Extracted material:
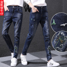 新款刺绣牛仔裤女秋长裤学生宽松显瘦哈伦裤时尚绣花小脚裤垮裤潮
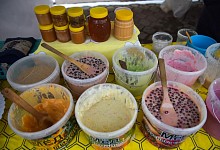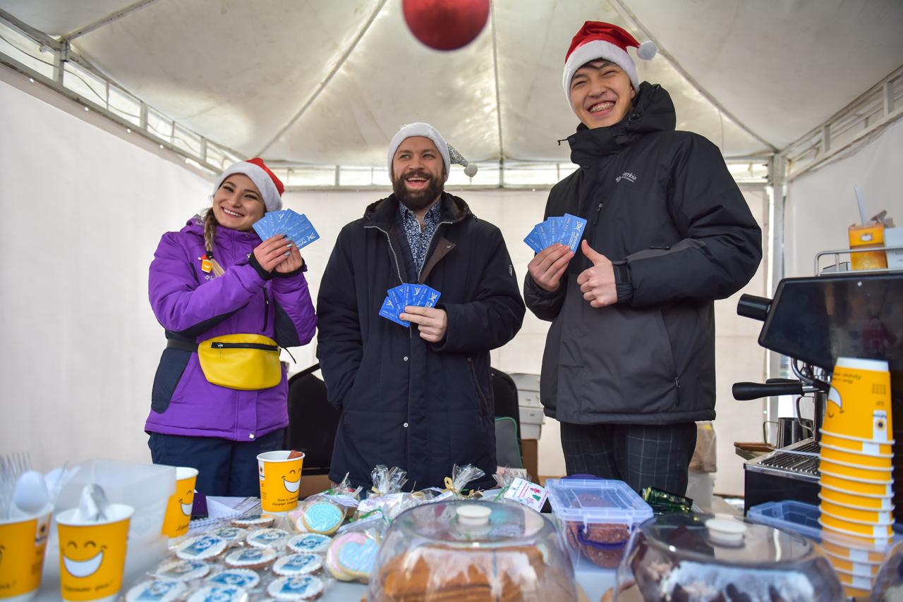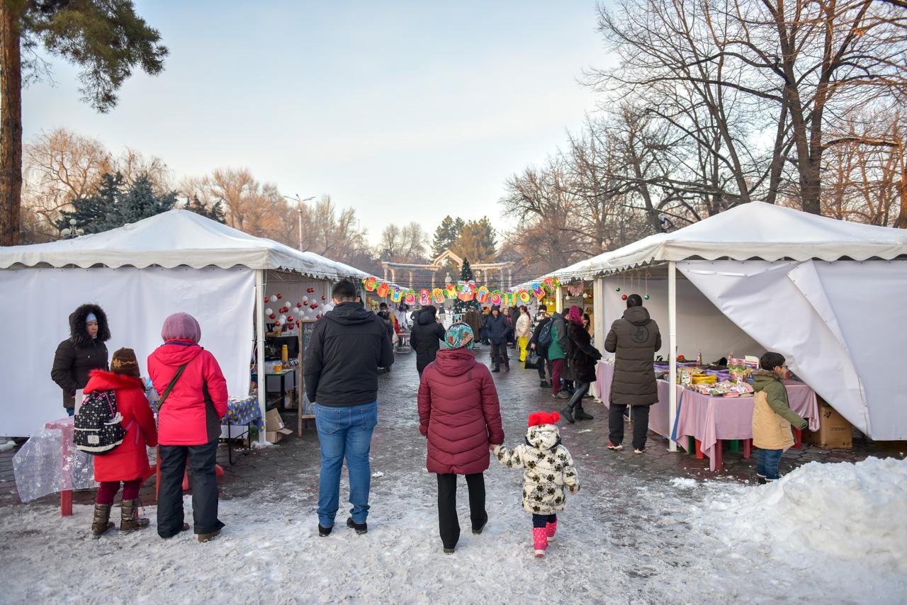 На ярмарке каждый сможет приобрести необычные подарки на Новый год для близких и друзей: украшения, сладкие пряники, посуда ручной работы, сувениры, эко-продукты, мед, чаи. Гвоздь сезона — фирменный горячий кофе, шоколад и волшебные печенья с логотипом мэрии от Бублика, а также пока бесплатные карточки «Тулпар» для проезда в общественном транспорте.
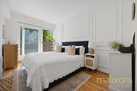 Nestled in the sought-after Furzedown area, this immaculate ground floor flat offers a perfect blend of contemporary living and convenience. The property features a generously sized living room, two double bedrooms, two bathrooms, and a modern kitchen. Both bedrooms have patio doors that lead directly onto the private garden, providing easy access to outdoor space.
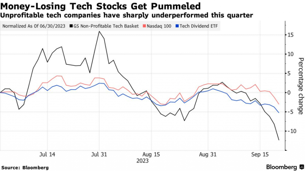 随着更多投资者选择国债,估值偏高的科技股票则一路下跌
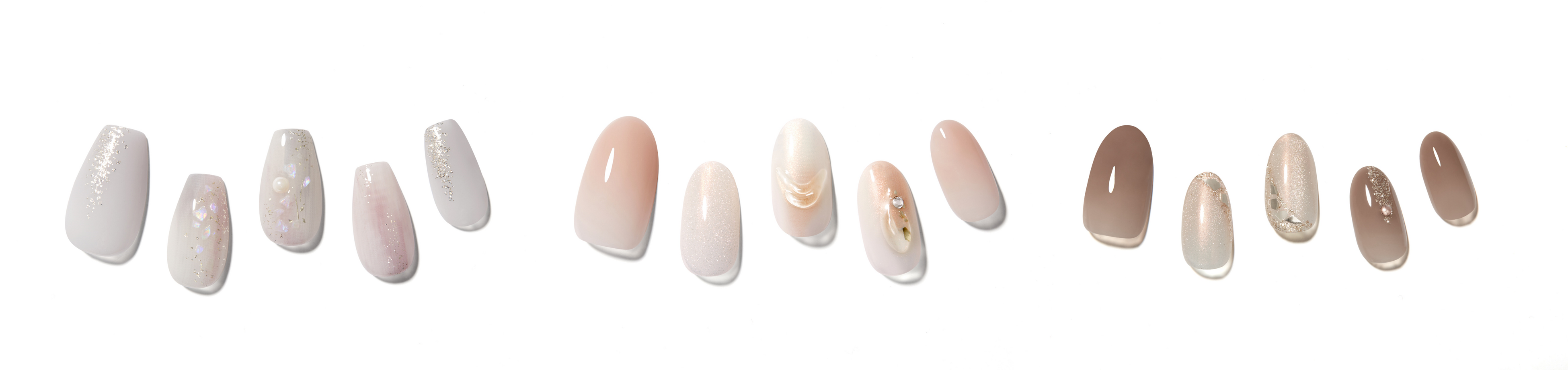 透明感抜群のシロップカラーに定番のマーブル、シェル、オンブレデザインを組み合わせました。

Problem statement: Produce the entries above once more, exactly as given, with each picture left out.

Result:
 新款刺绣牛仔裤女秋长裤学生宽松显瘦哈伦裤时尚绣花小脚裤垮裤潮
 На ярмарке каждый сможет приобрести необычные подарки на Новый год для близких и друзей: украшения, сладкие пряники, посуда ручной работы, сувениры, эко-продукты, мед, чаи. Гвоздь сезона — фирменный горячий кофе, шоколад и волшебные печенья с логотипом мэрии от Бублика, а также пока бесплатные карточки «Тулпар» для проезда в общественном транспорте.
 Nestled in the sought-after Furzedown area, this immaculate ground floor flat offers a perfect blend of contemporary living and convenience. The property features a generously sized living room, two double bedrooms, two bathrooms, and a modern kitchen. Both bedrooms have patio doors that lead directly onto the private garden, providing easy access to outdoor space.
 随着更多投资者选择国债,估值偏高的科技股票则一路下跌
 透明感抜群のシロップカラーに定番のマーブル、シェル、オンブレデザインを組み合わせました。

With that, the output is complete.